Aim of the exercise: The expected copy holds every entry exactly and none of the pictures.

□ □ □ □ □ □ □

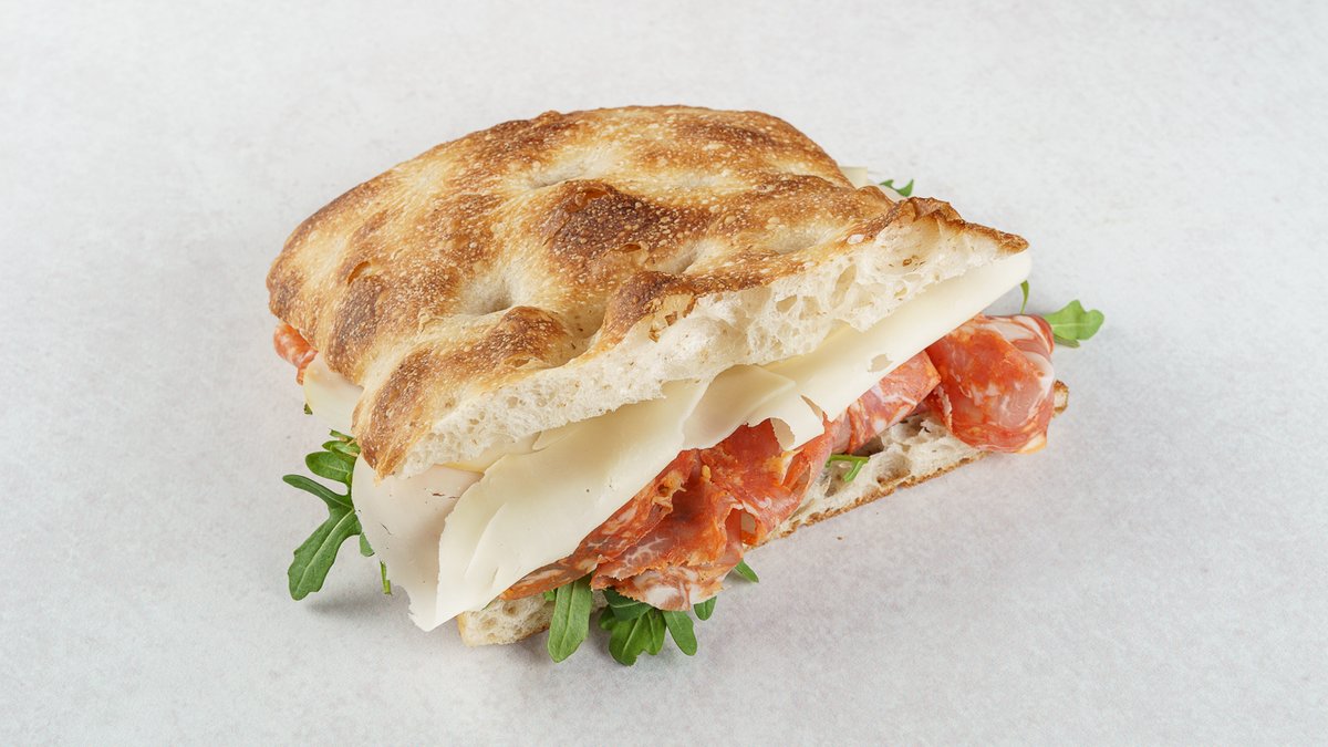 1x focaccia Bresaola, 1x focaccia salami picante, 1x focaccia cotto ala praga, 1x focaccia porchetta
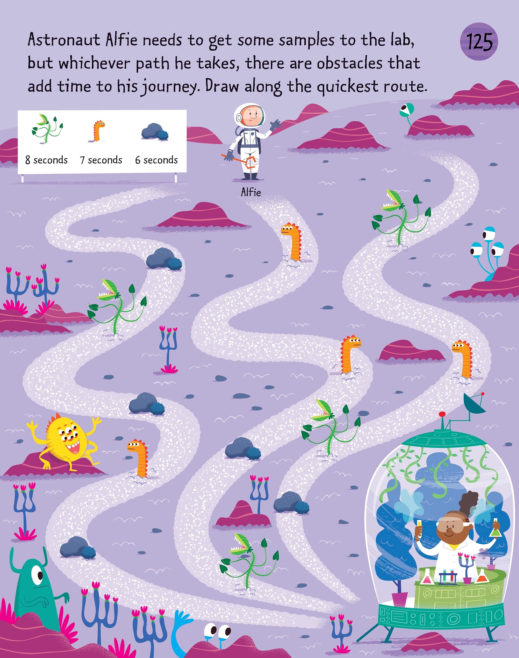 Blast off to outer space with this colourful collection of picture, word and number puzzles. Entertaining activities include cracking an alien code, finding routes through galaxy mazes, spot the difference and lots more. All the answers are at the back of the book.
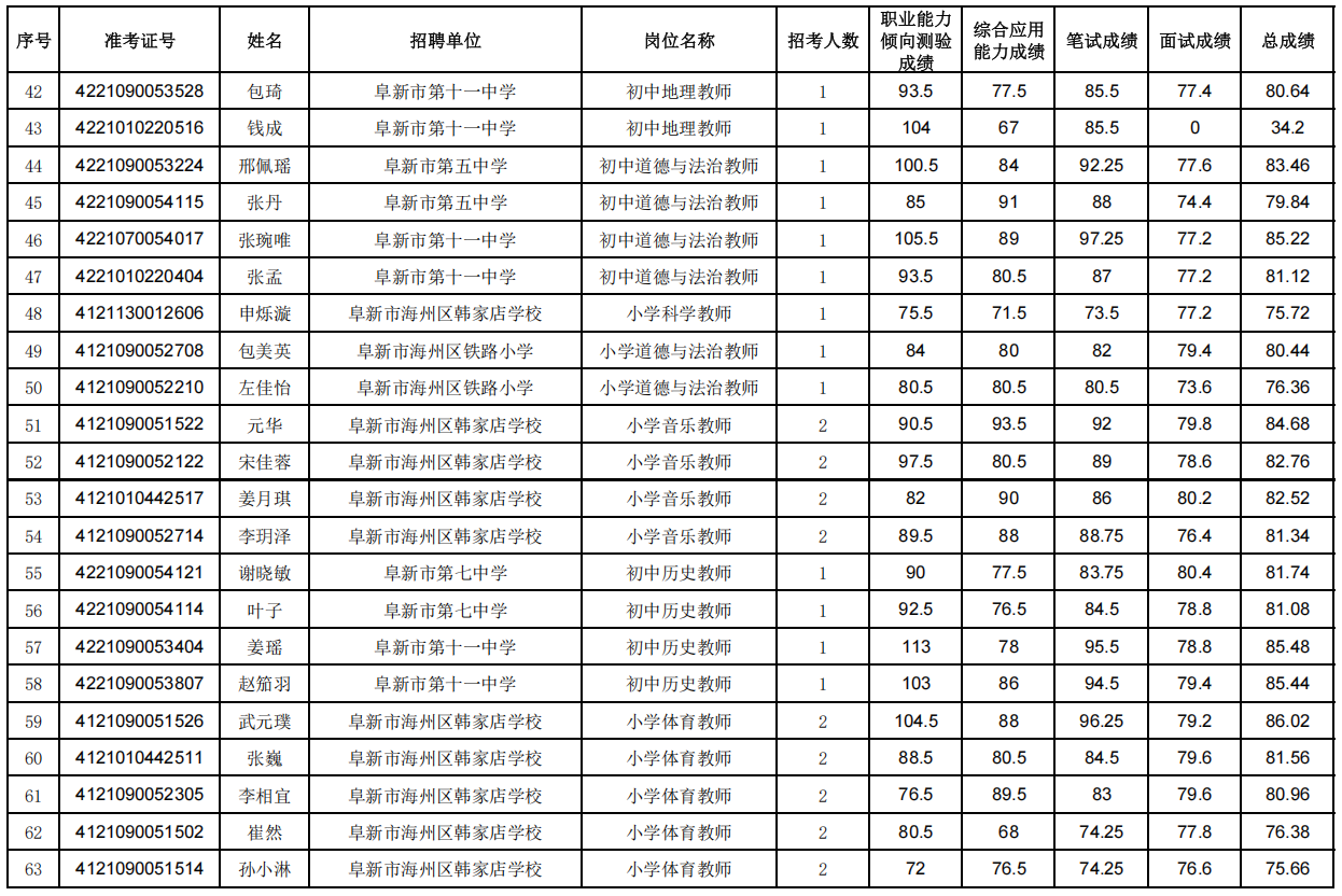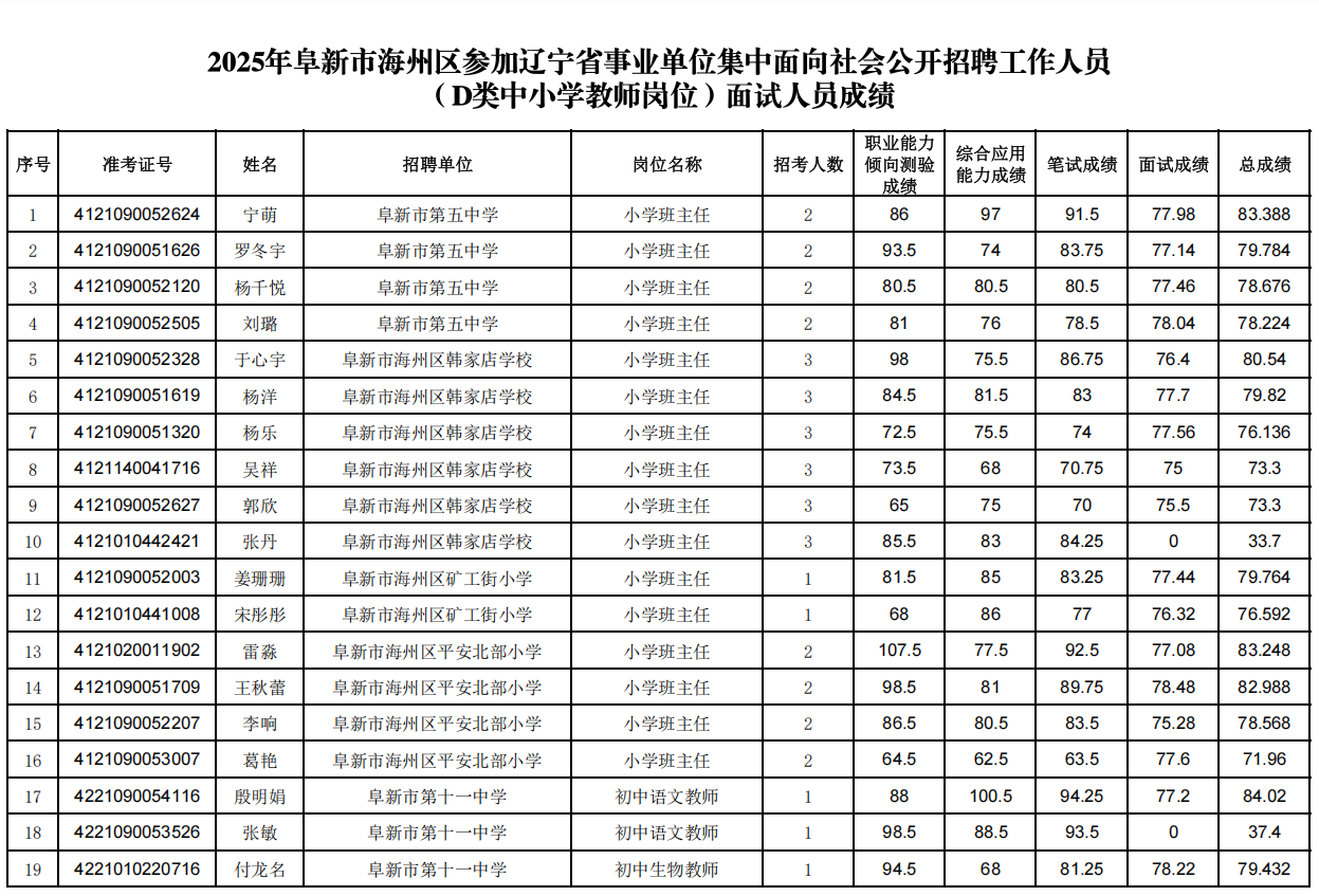 2025年阜新市海州区参加辽宁省事业单位集中面向社会公开招聘工作人员(D类中小学教师岗位)面试人员成绩
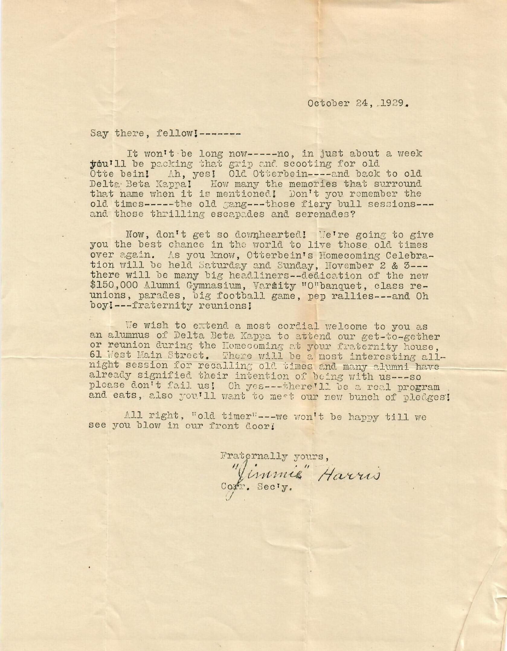 AU Harris, James Lowell - 1929-10-24 letter to Delta Beta Kappa AlumniEntry/Object ID
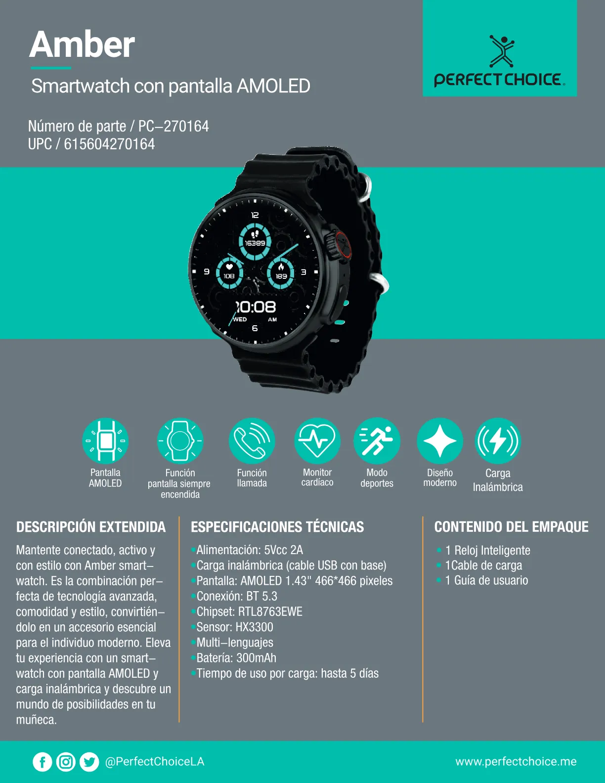 Reloj Inteligente Smartwatch PERFECT CHOICE AMBER / Pantalla Redonda Amoled / 1.43″ / 466x 466 Pixeles / Función Siempre Encendida, Llamadas, Ritmo Cardiaco, Modo Deportes, Carga Inalámbrica / Color Negro
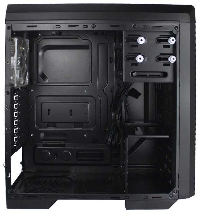 - + Вместимый, +кулер, есть разъемы USB 3, картридер в корпусе , есть возможность установки привода, хорошо охлаждается
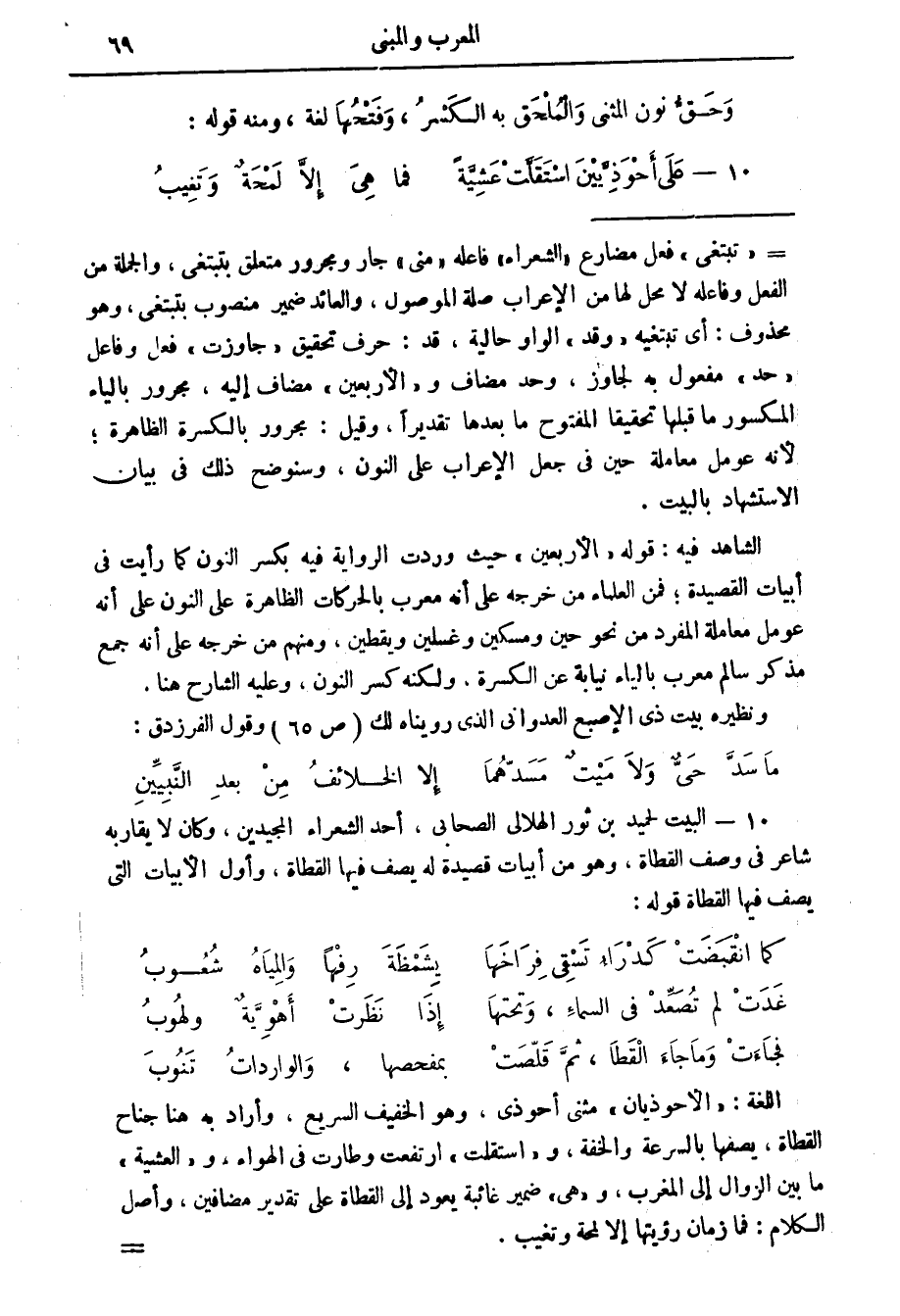 الشاهد فيه: قوله " الاربعين " حيث وردت الرواية فيه بكسر النون كما رأيت في أبيات القصيدة، فمن العلماء من خرجه على أنه معرب بالحركات الظاهرة على النون على أنه عومل معاملة المفرد من نحو حين ومسكين وغسلين ويقطين، ومنهم من خرجه على أنه جمع مذكر سالم معرب بالياء نيابة عن الكسرة، ولكنه كسر النون، وعليه الشارح هنا.

□ □ □ □ □ □ □

Written response:
 1x focaccia Bresaola, 1x focaccia salami picante, 1x focaccia cotto ala praga, 1x focaccia porchetta
 Blast off to outer space with this colourful collection of picture, word and number puzzles. Entertaining activities include cracking an alien code, finding routes through galaxy mazes, spot the difference and lots more. All the answers are at the back of the book.
 2025年阜新市海州区参加辽宁省事业单位集中面向社会公开招聘工作人员(D类中小学教师岗位)面试人员成绩
 AU Harris, James Lowell - 1929-10-24 letter to Delta Beta Kappa AlumniEntry/Object ID
 Reloj Inteligente Smartwatch PERFECT CHOICE AMBER / Pantalla Redonda Amoled / 1.43″ / 466x 466 Pixeles / Función Siempre Encendida, Llamadas, Ritmo Cardiaco, Modo Deportes, Carga Inalámbrica / Color Negro
 - + Вместимый, +кулер, есть разъемы USB 3, картридер в корпусе , есть возможность установки привода, хорошо охлаждается
 الشاهد فيه: قوله " الاربعين " حيث وردت الرواية فيه بكسر النون كما رأيت في أبيات القصيدة، فمن العلماء من خرجه على أنه معرب بالحركات الظاهرة على النون على أنه عومل معاملة المفرد من نحو حين ومسكين وغسلين ويقطين، ومنهم من خرجه على أنه جمع مذكر سالم معرب بالياء نيابة عن الكسرة، ولكنه كسر النون، وعليه الشارح هنا.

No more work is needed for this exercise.